In these most recent years of war, a lot has changed. In Mariupol, there was a community center called Halabuda — a place where Japanese and computer literacy were taught, where book launches and concerts were held, where people learned to be businessmen and proactive citizens, where they painted, sang and developed projects for an environmentally friendly city. After a brutal monthslong siege led to the Russian capture of the city in the spring of 2022, Halabuda had to relocate. Today in Cherkasy, a city in central Ukraine, it’s where people repair drones.
There’s so much more left unrealized. More destinies that played out as heroic in war, but whose bearers can no longer do the things they may have been fated to: write books, open restaurants or discover a cure for Alzheimer’s disease. Their smiles now exist only in photographs.
Among the things that have changed, perhaps, is the desire to tell the world what the Russians have done and are doing to Ukrainians, in the past and today. It used to be so vivid, so resonant, creating a second self for me — a self with stories of slain friends and photos of mass burials, along with a firm conviction that every death, every sorrow must be told, documented and avenged.

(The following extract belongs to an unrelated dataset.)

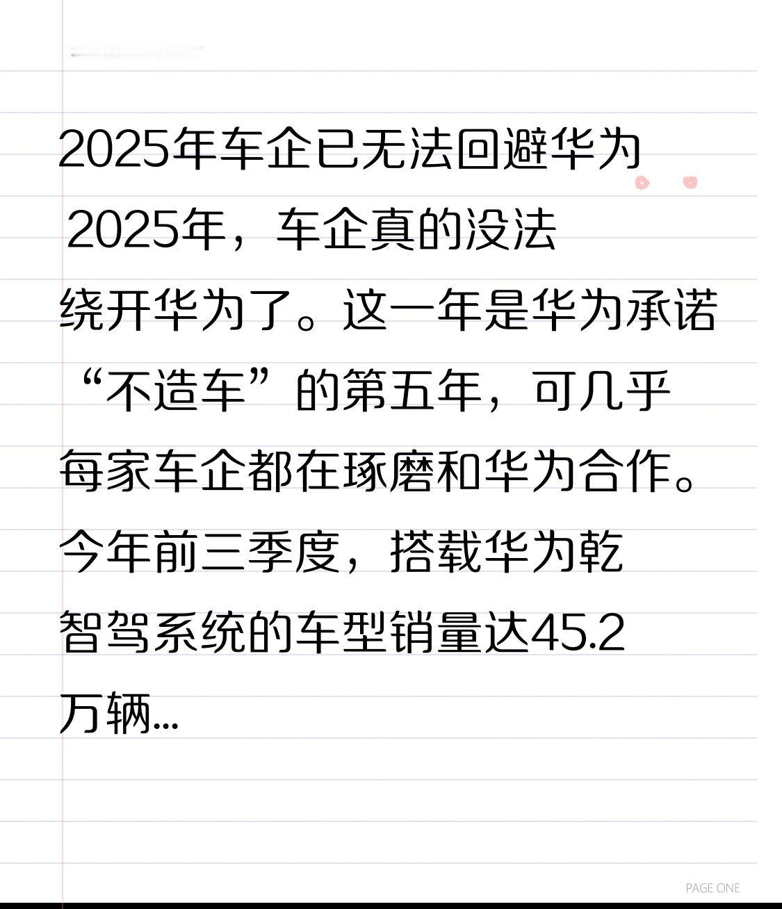 2025年车企已无法回避华为 2025年,车企真的没法绕开华为了。这一年是华为承诺“不造车”的第五年,可几乎每家车企都在琢磨和华为合作。今年前三季度,搭载华为乾崑智驾系统的车型销量达45.2万辆,市场占有率约27.8%,HI模式的合作伙伴也越来越多。 华为设计了一套从浅到深的合作“阶梯”,传统零部件供应模式是基础,华为提供硬件,参与感和话语权有限;HI模式则更深一步。就拿深蓝L07来说,最低13万出头,性价比超高。它有纯电和增程可选,增程版综合续航超1300公里。还搭载华为乾崑智驾,高速驾驶省心。华为在汽车领域影响力越来越大,车企不合作怕是不行咯。

That feeling is gone. There are still the stories, photos and convictions. But I don’t want to tell the world about it anymore. The world is literate. It has access to the internet, to the news; it can see everything itself. I am grateful to the thousands, perhaps millions of people to whom we don’t have to explain or show anything anymore. They simply stood by us in Lithuania and Australia, Britain and Norway, the United States and Morocco, Japan and Estonia. I was lucky enough to know some of them by name. I was lucky enough to meet them — fearless and kind people — in Kyiv, Kharkiv, Lviv and even in places where the front line is a kilometer away.

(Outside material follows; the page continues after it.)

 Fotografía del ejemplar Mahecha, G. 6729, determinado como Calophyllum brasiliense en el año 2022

On the other hand, nothing has changed, not really. We have the same sense of clarity that we had in 2014. The same faith, the same love, the same rage. Do I want to go back to my prewar self, the one I was in 2013? No, I don’t. I don’t want to find myself back among the lies about “one people” from which genocide, war and murder will sprout again. I do not want to be back in the time when Russia’s attack was inevitable. I want us to win and there to be no war.